-- Task brief --
Reproduce only this stretch of the listing below: from the line with "圖為貴州省從江縣加榜鄉加車村村民直播推介加榜梯田風光。" through the line with "That night, as", exactly as written, with pictures excluded.

-- Data extract --
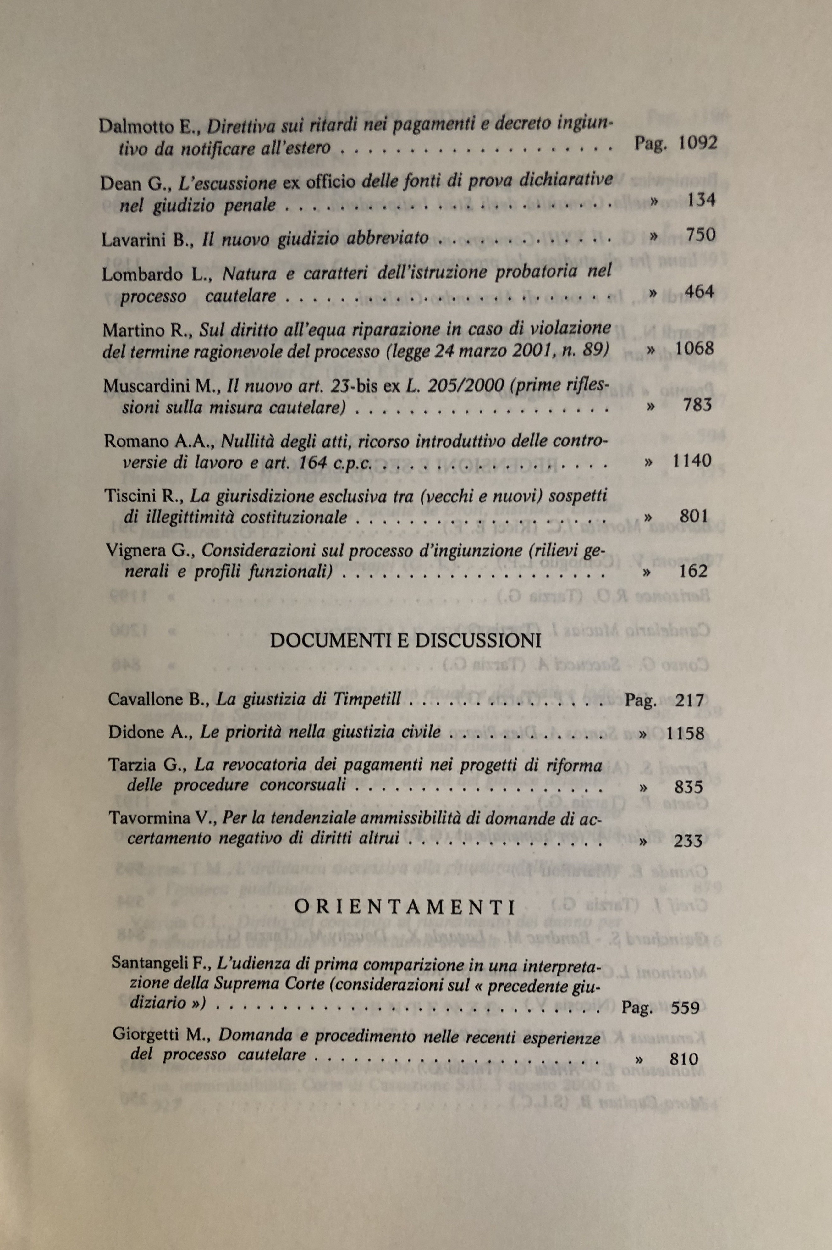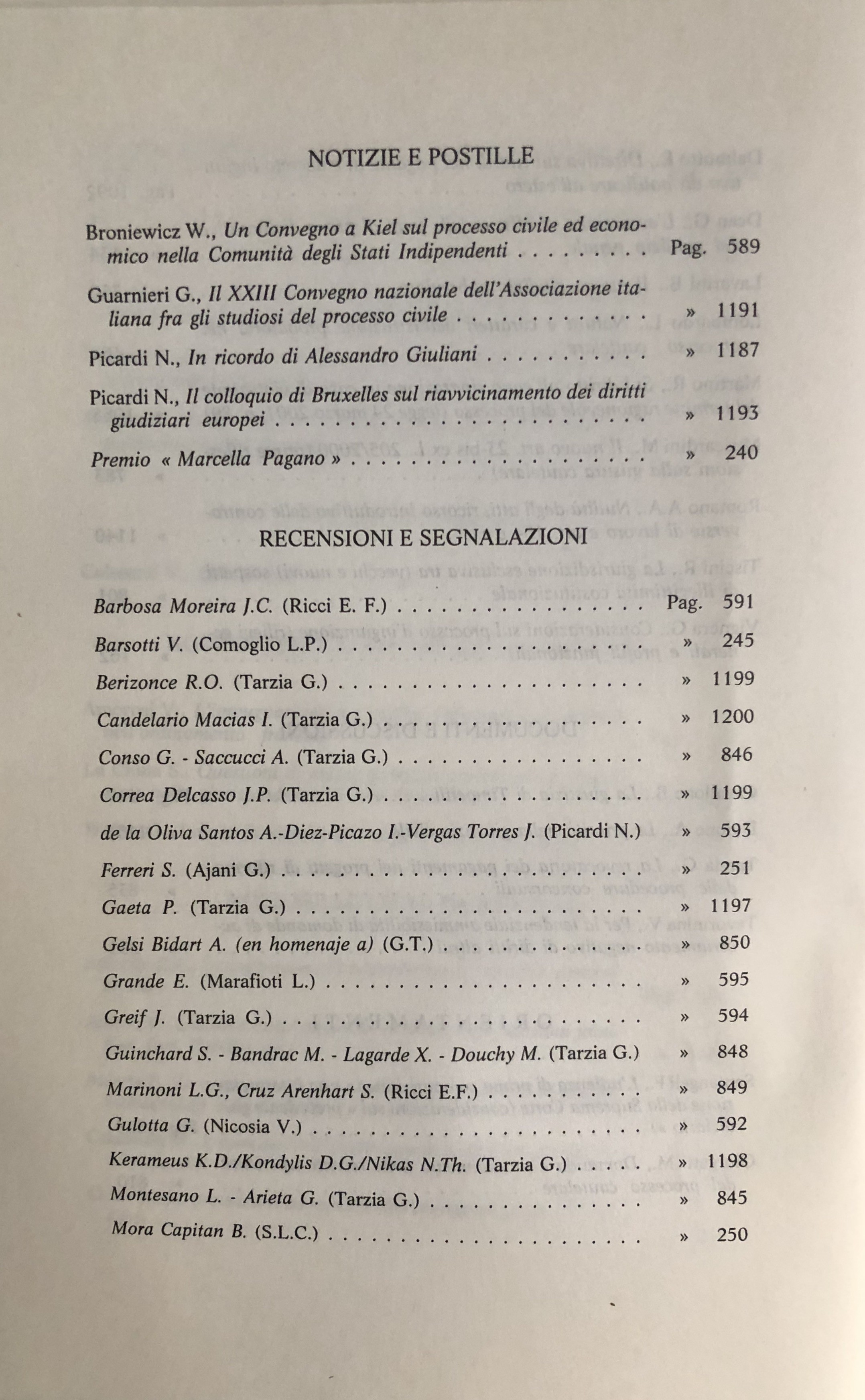 Carratta A. - Chiarloni S. - Chiavario M. - Colesanti V. - Comoglio L.P. - Fazzalari E. - Irti N. - Ricci E.F. - Tarzia G. - Trocker N. et alii
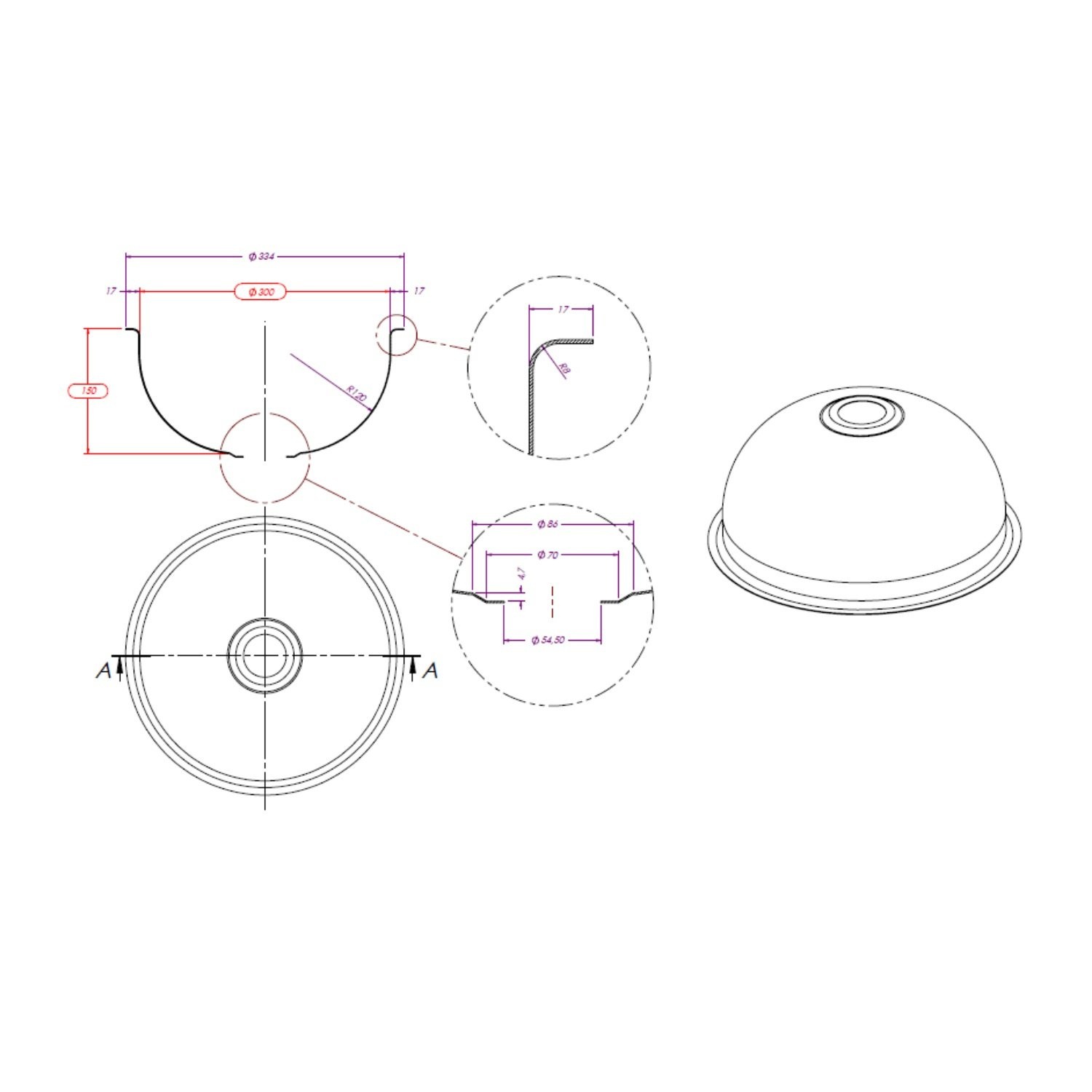 Deze inbouwwastafel is rond en heeft een diepte van 33,5 cm, een breedte van 33,5 cm, en als laatste een hoogte van 14,5 cm. Deze wastafel heeft geen overloop en geen kraangat. Deze inbouwwastafel kunt u inbouwen in de verschillende onderkasten.
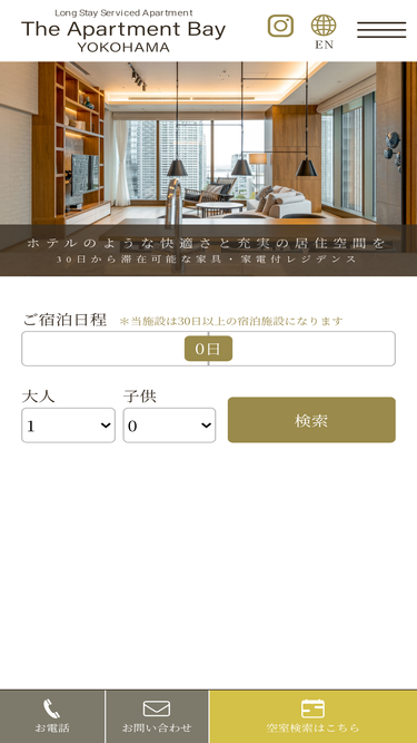 クレジットカード決済で30日以上の滞在を直接ご予約可能なハイグレードサービスアパートメント。横浜でのセカンドハウス・長期出張・仮住まいに。ウェステインホテル建物内(6階~12階)に40m²台のstudioから150m²台の3bedまで全9タイプ。ゲストの方にハイグレードなサービスと施設を提供いたします。
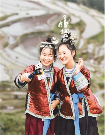 圖為貴州省從江縣加榜鄉加車村村民直播推介加榜梯田風光。
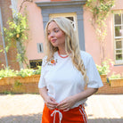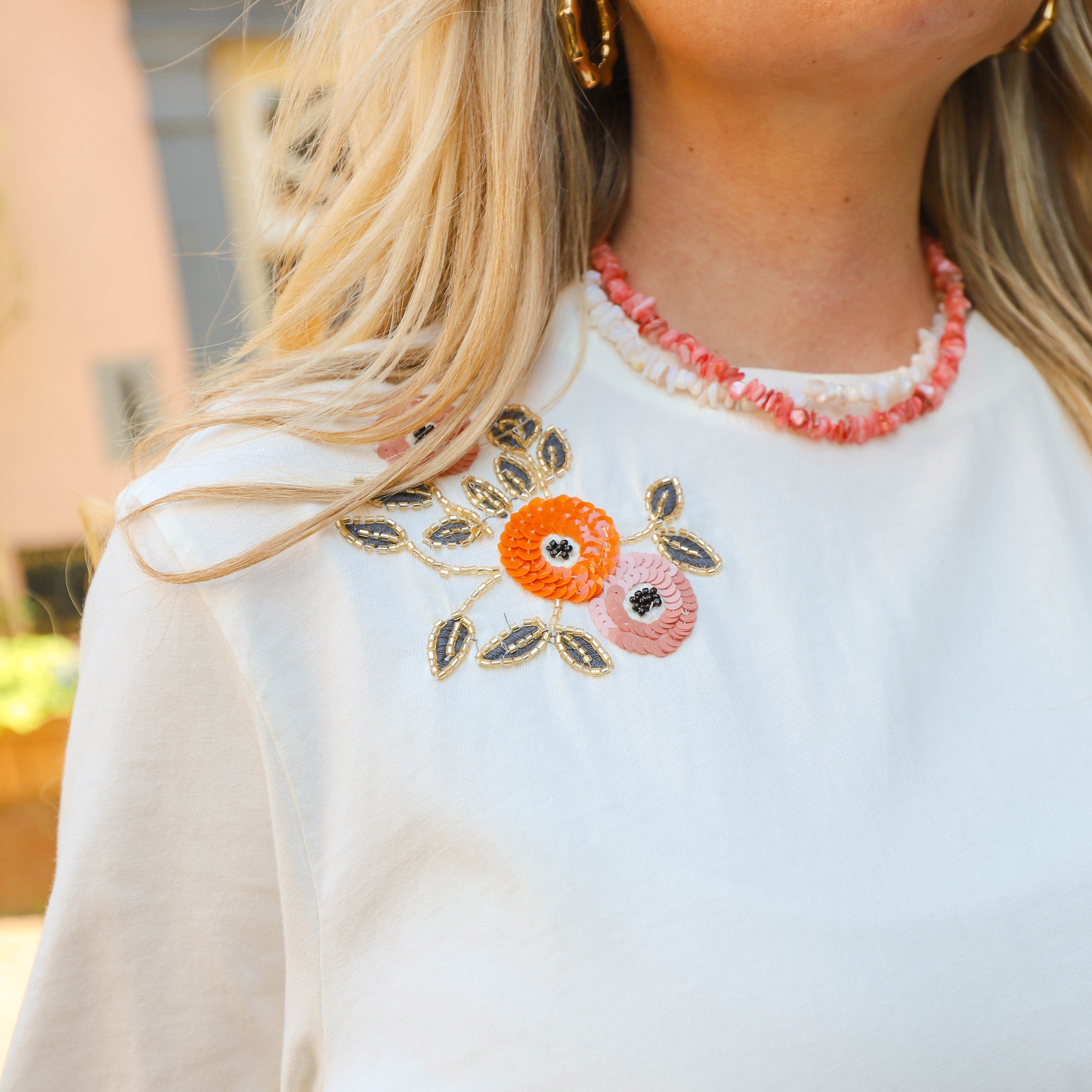 Breng een vleugje kleur in je dag met dit witte, boxy T-shirt met korte mouwen. De linkerborst is verfraaid met een prachtig geborduurd bloemenmotief in warme oranje- en roze tinten, geaccentueerd met groen. De boxy pasvorm zorgt voor een moderne en comfortabele look.
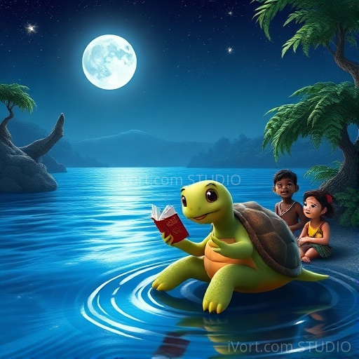 That night, as the villagers settled into their cozy homes, the moon rose high in the sky, casting a silver glow over the river. Rivu watched the moon’s gentle light dance on its surface, shimmering like tiny diamonds. The moon’s soft glow whispered lullabies from far away, telling Rivu to relax and let go of worries. The stars twinkled happily, joining in the gentle song. Rivu felt its restless splashes slow down, becoming soft ripples that shimmered peacefully. The river realized that the moon’s calm light was like a gentle hug, helping it to sleep soundly. From that night on, Rivu looked forward to the moon’s nightly visit, knowing it would bring peaceful dreams and quiet waves. The villagers smiled, happy to see their river finally resting, learning that sometimes, all we need is a little light and kindness to find peace.
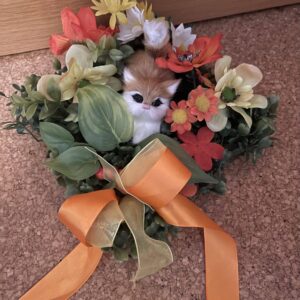 Blumengesteck mit Kätzchen, in Orange, Gelb, Gr. 18 x 18 cm
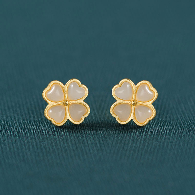Color: imitation white jade silver stud earrings pair, imitation Jasper silver stud earrings pair
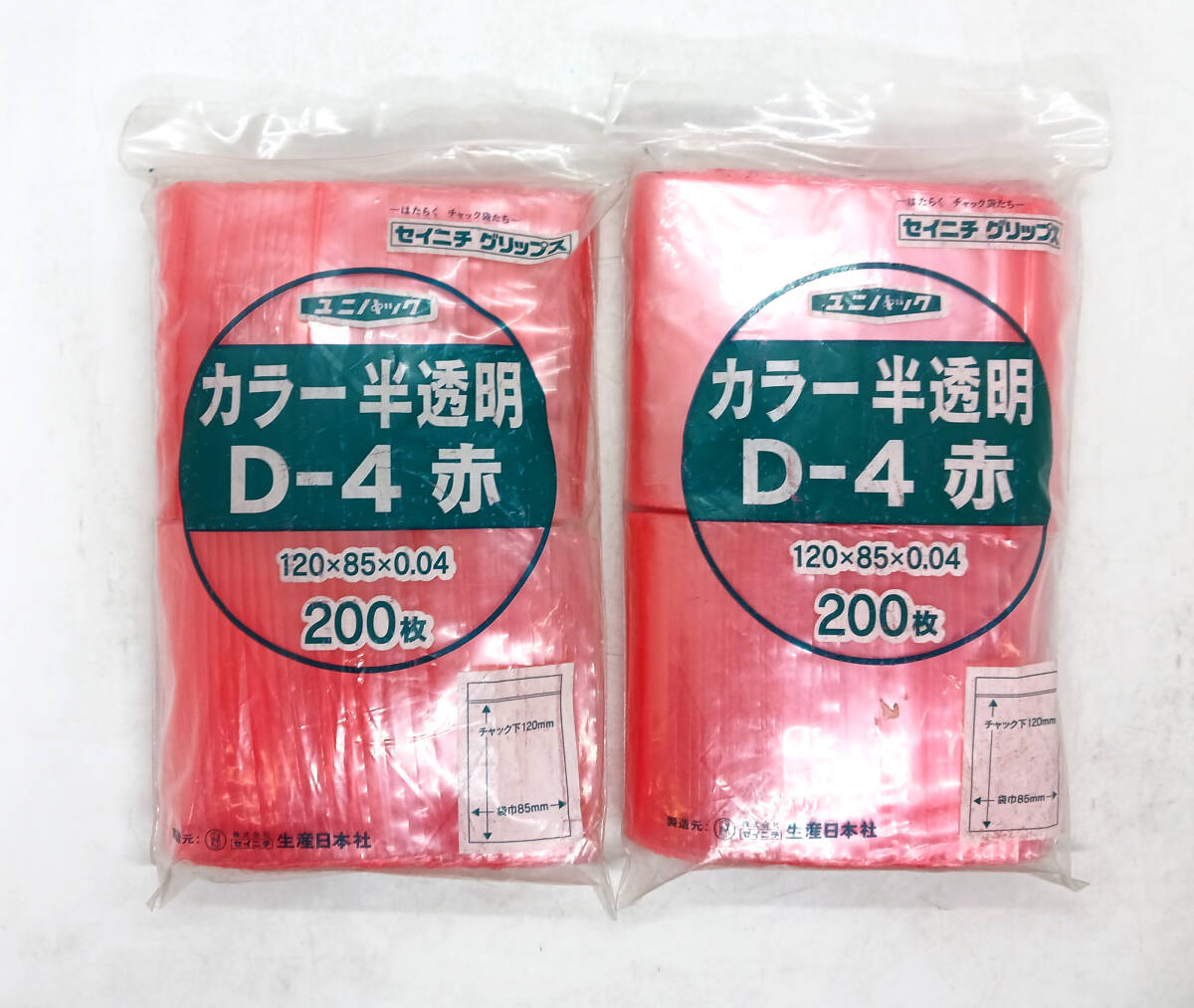 - 【長期保管品】ユニパック カラー半透明 D-4 赤 200枚×2袋

-- Reply to the exercise --
 圖為貴州省從江縣加榜鄉加車村村民直播推介加榜梯田風光。
 Breng een vleugje kleur in je dag met dit witte, boxy T-shirt met korte mouwen. De linkerborst is verfraaid met een prachtig geborduurd bloemenmotief in warme oranje- en roze tinten, geaccentueerd met groen. De boxy pasvorm zorgt voor een moderne en comfortabele look.
 That night, as the villagers settled into their cozy homes, the moon rose high in the sky, casting a silver glow over the river. Rivu watched the moon’s gentle light dance on its surface, shimmering like tiny diamonds. The moon’s soft glow whispered lullabies from far away, telling Rivu to relax and let go of worries. The stars twinkled happily, joining in the gentle song. Rivu felt its restless splashes slow down, becoming soft ripples that shimmered peacefully. The river realized that the moon’s calm light was like a gentle hug, helping it to sleep soundly. From that night on, Rivu looked forward to the moon’s nightly visit, knowing it would bring peaceful dreams and quiet waves. The villagers smiled, happy to see their river finally resting, learning that sometimes, all we need is a little light and kindness to find peace.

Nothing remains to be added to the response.